赤間頭取もかつて組合の委員長を経験された方でしたから、僕がもし「撤退すべし」と答えたら、本当に資金を引き上げそうな勢いでした。じっくりと考えて、僕が出した答えは「やはり準メインバンクとしてチッソを資金的に支援し、企業体として存続させ、水俣病の被害者を救済するべきでしょう」というものでした。赤間頭取は真剣に悩んていたのでしょう。誠実な方でしたから。その後、赤間さんが会長を辞する時に、呼ばれました。僕は理由がわからなかったので、最初は組合を懐柔するつもりか、くらいの気合いで会いにいったのです。当時は血気盛んでしたからね。ところが、「片岡君、後を頼む」とおっしゃるのです。僕が頭取を引き継ぐわけありませんから、その時は言葉の真意をくみ取ることはできませんでした。広い役員室に一人、淋しそうにされていました。あの時の光景は忘れられません。しかし、今思うと、僕が話す言葉や評価に計算がないことをわかっていらして、信用してくれていたのでしょうね。

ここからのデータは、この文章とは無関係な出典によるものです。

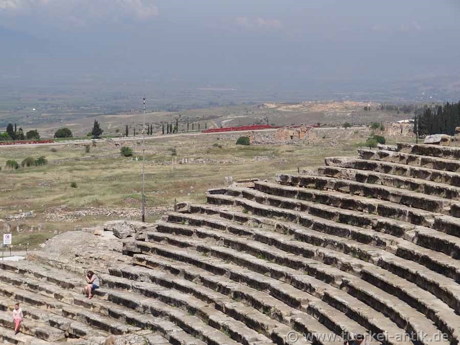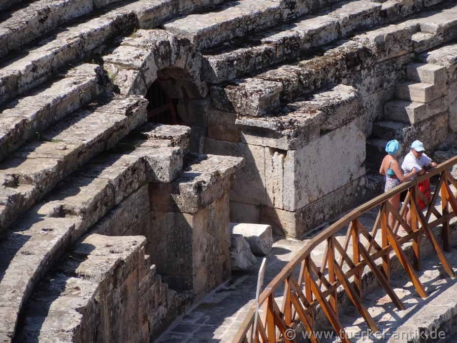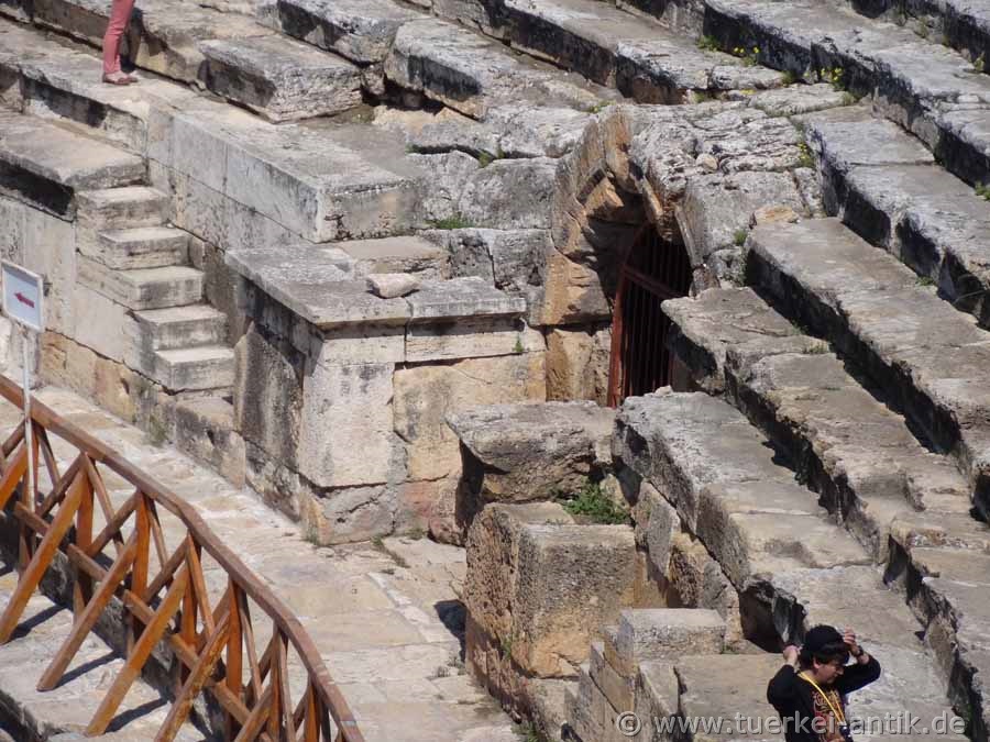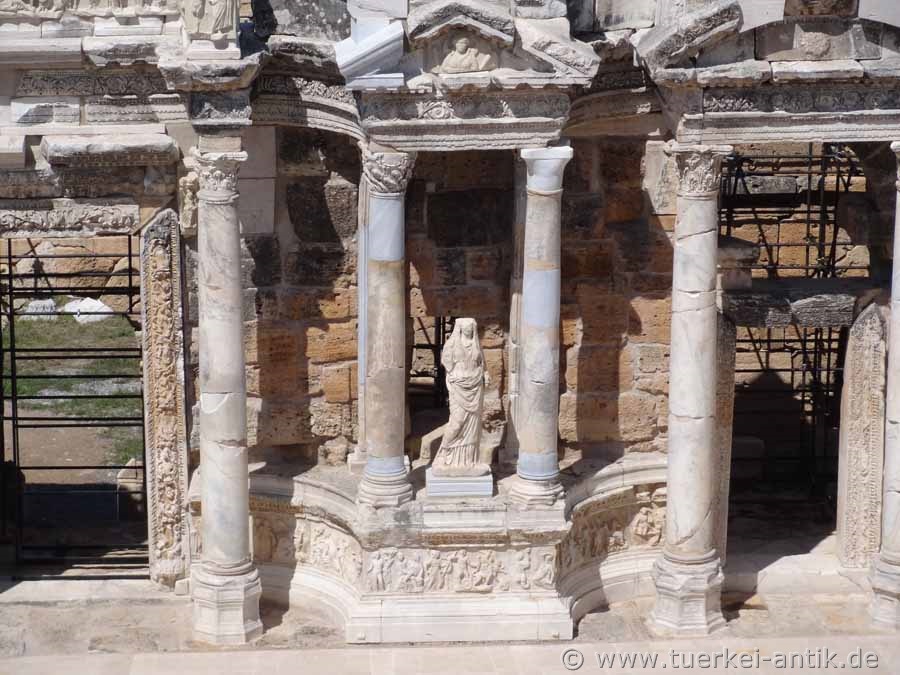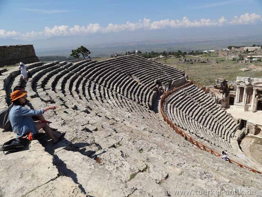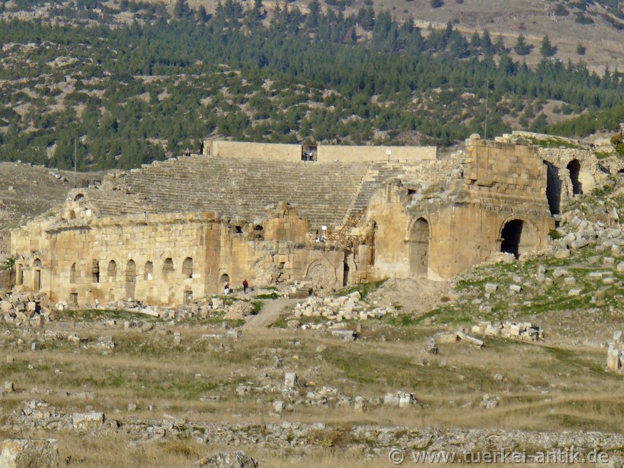Das Theater erfuhr in Laufe der Zeit immer wieder Restaurierungen und kleinere Erweiterungen. Anlässlich des Besuches Kaiser Hadrians in Hierapolis im Jahre 129 n. Chr. erfuhr das Bühnenhaus umfangreiche Erweiterungen. |
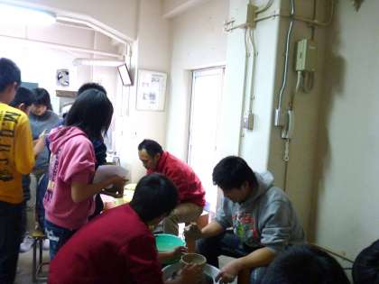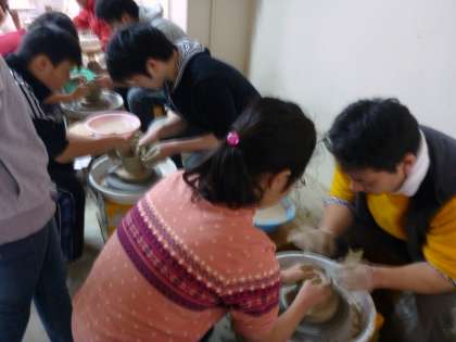 その後,一人一人匠についていただき,粘土こねから始めました。粘土こねも見た目ほど簡単ではなく,粘土がなかなか上に上がってきませんでした。「はじめから上手にいくはずがないよ。」「そこまでできたら上等。」などと励まされ,匠に手を添えてもらいながら,子ども達は,どうにか粘土をこね,自分の作りたい茶碗の形を作ることができました。

今この歳になったから理解できるのですが、「自分は辞めるつもりだけれど、あとは大丈夫だろか。君はどう思うか」と、率直な意見を聞きたかったのでしょう。でも、僕はガードを張ってしまって、心を開けませんでした。チッソの時のように率直な意見を言うべきだったのです。一人の人間の生き方に対して、ちゃんと向き合って応えられなかったというのは、忸怩たる思いがあります。生きるって、本当はそういうことにちゃんと応えていくことなのです。反省点です。